I would like to express my sincere appreciation to my doctoral committee Dr. Zhenhui (Jessie) Li, Dr. C. Lee Giles, Dr. Xiang Zhang, Dr. Vikash V. Gayah, and my Ph. D. program chair Dr. Mary Beth Rosson.
I would like to show my special appreciation to my PhD adviser Dr. Zhenhui (Jessie) Li. Jessie patiently guided me through the research process and career development, including several open-armed enlightening discussions on how to cope with work-life balance, pressure and priority. Her supportive and critical attitude has made our fruitful collaboration possible. Her patience and kindness has help me manage a smooth career development. Without her guidance, my PhD would surely not have been as successful.
I would also extend my thanks to Dr. Vikash Gayah from the Department of Civil and Environmental Engineering, whose insightful advice forms some of the foundations in our interdisciplinary research and who have been more than happy to help me become familiar with the background material.
I am also fortunate to have collaborated with several others throughout my PhD: Guanjie Zheng, Chacha Chen, Porter Jenkins, Zhengyao Yu, Kan Wu, Huaxiu Yao, Nan Xu, Chang Liu, Yuandong Wang. Without them, this research would not be possible.
The studies in this dissertation have been supported by NSF awards #1544455, #1652525, #1618448, and #1639150. The views and conclusions contained in the studies are those of the authors and should not be interpreted as representing any funding agencies. Thanks for their generous support to make these research happen.
During my several years of PhD program, I was lucky to have been surrounded by wonderful colleagues and friends. Thank you all for sharing Friday game nights with me, for the road trips and getaways on weekends, and for the summer twilight barbecues. All of you made my time at Penn State a wonderful experience.
At last, a very special thank you to my parents Shaozhu and Yuling, to my whole family, for always supporting me and for always encouraging me to pursue my passion.

Chapter 1 Introduction

Traffic congestion is a growing problem that continues to plague urban areas with negative out comes to both the traveling public and society as a whole. And, these negative outcomes will only grow over time as more people flock to urban areas. In 2014, traffic congestion cost Americans over $160 billion in lost productivity and wasted over 3.1 billion gallons of fuel [2]. Traffic congestion was also attributed to over 56 billion pounds of harmful CO2 emissions in 2011 [3]. In the European Union, the cost of traffic congestion was equivalent to 1% of the entire GDP [4]. Mitigating congestion would have significant economic, environmental and societal benefits. Signalized intersections are one of the most prevalent bottleneck types in urban environments and thus traffic signal control tends to play a large role in urban traffic management.

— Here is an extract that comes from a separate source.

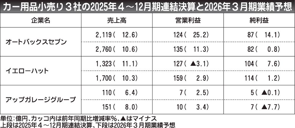 オートバックスセブン、2025年4~12月期決算は増収増益

1.1 Why do we need a more intelligent traffic signal control

The majority of small and big cities even in industrialized countries are still operating old-fashioned fixed-time signal control strategies, often even poorly optimized or maintained. Even when modern traffic-responsive control systems are installed (e.g., SCATS [5] and SCOOT [6, 7]), the employed control strategies are sometimes naive, mainly based on manually designed traffic signal plans.
On the other hand, nowadays various kinds of traffic data can be collected to enrich the information about traffic condition. Systems like SCATS or SCOOTS mainly rely on the loop sensor data to choose the signal plans. However, loop sensor data only count the vehicle when it passes the sensor, while nowadays increasing amount of traffic data have been collected from various sources such as GPS-equipped vehicles, navigationalsystems, and traffic surveillance cameras. How to use rich traffic data to better optimize our traffic signal control system has attracted more and more attention from academia, government and industry.

1.2 Why do we use reinforcement learning for traffic signal control

In transportation field, traffic signal control is one of the most fundamental research questions [8]. The typical approach that transportation researchers take is to seek an optimization solution under certain assumptions about traffic models [8]. However, most of the works focus only on automobiles and the assumptions they make are simplified and do not necessarily hold true in the field. The real traffic behave in a complicated way, affected by many factors such as driver's preference, interactions with vulnerable road users (e.g. pedestrians, cyclists, etc.), weather and road conditions, etc. These features can hardly be modelled accurately for optimizing traffic signal control.
On the other hand, machine learning techniques learn directly from the observed data without making assumptions about the data model. However, the traffic signal control problem is not a typical machine learning problem with fixed data sets for training and testing. The real-world traffic is constantly changing, and the execution of traffic lights is also changing the traffic. Therefore, in the case of ever-changing data samples, we need to learn from the feedback from the environment. This idea of trial-and-error is an essential RL idea. RL attempts different traffic signal control strategies based on the current traffic environment. The model will learn and adjust strategies based on environmental feedback.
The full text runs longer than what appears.